After my ninth birthday my parents, for a time, spoke of putting me into boarding-school, so that I might become habituated to the harder ways of life, and since the matter was talked over by all the members of the family, I went about for several days feeling as if I were on the eve of being sent to prison, for I imagined that a boarding-school had high walls and windows guarded by iron bars.

But, upon reflection, they considered that I was too frail and delicate a human plant to be thrown in contact with those others of my kind who, in all probability, would play roughly, and have bad manners; they concluded, therefore, to keep me at home a little longer.

At any rate I was delivered from “Mr. Ratin.” The old professor, rotund of figure and kind of manner, who succeeded him, was less distasteful to me, but I made just as little progress under his care. In the afternoon, at about the time for his arrival, I would hastily begin to prepare my lessons. I was then usually to be found at my window, hidden behind the venetian blinds, with my book open at the page containing the lesson; and when I saw him come into view at the turning near the bottom of the street I commenced to study it.

And generally by the time he arrived I knew enough to receive, if not to merit, a “pretty good,” a mark over which I did not grumble.

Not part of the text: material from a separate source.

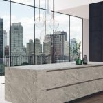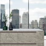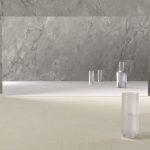 Dit expressieve oppervlak wordt gekenmerkt door krachtige marmering en uitgesproken aderen die samen een organische, natuurlijke esthetiek vormen. Stoffige grijstinten clusteren speels en worden omlijst door helderdere, bijna witte zones die voor contrast en ademruimte zorgen. De neutrale basis is verrijkt met verzachte, door de natuur geïnspireerde ondertonen, subtiel doorbroken door frisse witte accenten. Deze gelaagde compositie geeft het materiaal een robuuste maar verfijnde uitstraling. De Ultra Rough-afwerking versterkt het rauwe, tastbare karakter en maakt dit oppervlak perfect voor gedurfde interieurs waarin textuur en natuurlijke kracht centraal staan.

I had also my English professor who came to me every morning,—and whom I nicknamed Aristogiton (I do not now recall why). Following the Robertson method, he had me paraphrase the history of Sultan Mahmoud. Outside of that, the only thing that I am sure of is that I accomplished nothing, absolutely nothing, less than nothing; but he had the good taste not to growl at me, and in consequence I have an almost affectionate remembrance of him.